Seven Seas sets up global manga webcomics site

Webcomics have been part of the strategy for manga publisher Seven Seas (home of Afro Samurai, Hayate x Blade, and Gunslinger Girl, among others) from the beginning, but always as a way to sell a print book. Now they have set up Zoom Comics, an ad-supported webcomics site that will run both homegrown and licensed manga, launching with four original English language series: Amazing Agent Jennifer (a prequel to their six-volume Amazing Agent Luna), Dracula Everlasting, Paranormal Mystery Squad (a followup to another original series, Aoi House), and Vampire Cheerleaders.
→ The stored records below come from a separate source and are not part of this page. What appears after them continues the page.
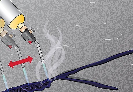 Melt the crack filler rope with the propane torch. Sweeping slowly from side to side on a section of 12 inches (30 cm), focus the propane torch's tip on the rope until it begins to melt. Once it starts melting, move onto the next section. Repeat until the filler begins to level out and sink into the crack. The filler may begin to burn. Don't panic! Just blow out the flames and start again, this time a little farther away from the filler.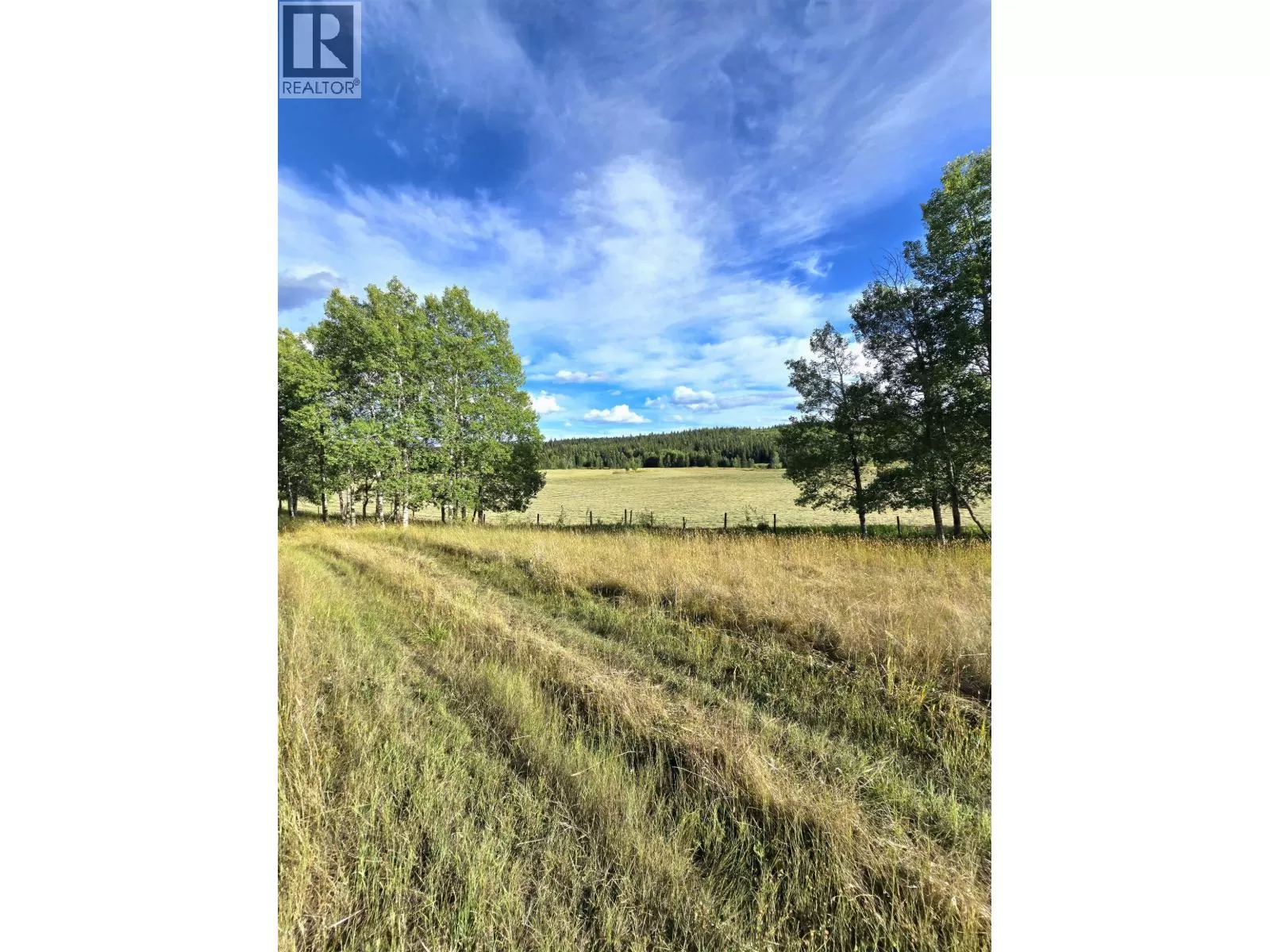 Build your dream home less than 20 minutes from 100 Mile House.This 138-acre property offers the perfect blend of income potential and seclusion. Approximately 60 acres are in hay production, with 18 acres recently reworked and seeded to Brome, Timothy, and Alfalfa.Fertile lake-bottom soil enhances the lower fields, which will be disced and reseeded before winterâalready paid for and included.Oats currently provide cover crop protection. Buffalo Creek meanders through the lower portion, supplying irrigation water rights, while the remainder of the property offers treed privacy and historic charm, including the old wagon trail to Forest Grove.A professional rotational grazing and soil plan has been prepared and prepaid, ensuring sustainable use for years to come. Additional features include 400-amp power on site, four-strand barbed wire perimeter fencing, and excellent access. This is a rare opportunity to own a productive and private agricultural dream with unmatched beauty, and historic character.GST applies. (id:27476)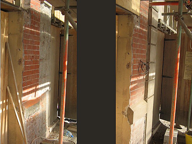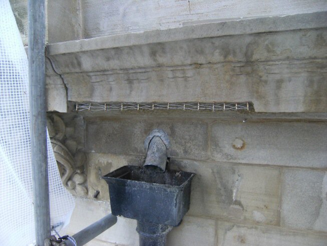 This project involved extensive restoration works to the two facades, a 100% re-point and sanding down of the full wall to the extension to remove loose and friable material. The restoration to the cornice, window cills, hood moulds and plinths was carried out using Lithomex Masons' Mortar. The photographs illustrate the use of stainless steel reinforcement to the drip detail of the cornice, the window cills and the finished restoration to the cornice. The Boot Inn signage was originally a plain stone panel painted blue and still bearing numerous old fixings. Once the paint had been stripped, it became apparent that the name could not be carved directly into the stone because of underlying damage. The old fixings were removed and the panel rendered using a lime based mortar into which when cured the name was carved.

Coming soon are two licensed series, both from Korea: Witch Hunter and Lizzie Newton: Victorian Mysteries

Seven Seas formed the site in partnership with Pixie Trix Comix, a webcomics portal set up by webcomics creators Gisele Lagace and David Lumsdon (Magick Chicks) that also runs comics by several other creators.

What's interesting about the new site is that it looks a lot like a bootleg manga site: The comics are simply displayed in the web browser, rather than embedded in a Flash-based reader, and they are surrounded by ads. If you changed the banner, it could be MangaFox. And Seven Seas has something else in common with the bootleg sites, something traditional publishers tend to neglect: They do forums well, with editor Adam Arnold frequently dropping in to make comments or respond to questions.

"These days, people want their content free and they want it fast," said Seven Seas publisher Jason DeAngelis in his announcement of the new site. He is certainly right about that. The only question is whether this particular content will sell. Seven Seas manga has high-quality art with a house style that is close to traditional manga but a bit smoother; the writing is good, but it's less noticeably foreign than Japanese manga. Putting his webcomics on the Zoom portal, which has a lot of cross-promotion with Pixie Trix, looks like a shrewd move for DeAngelis, as it will broaden the readership and hopefully help his comics find their natural audience.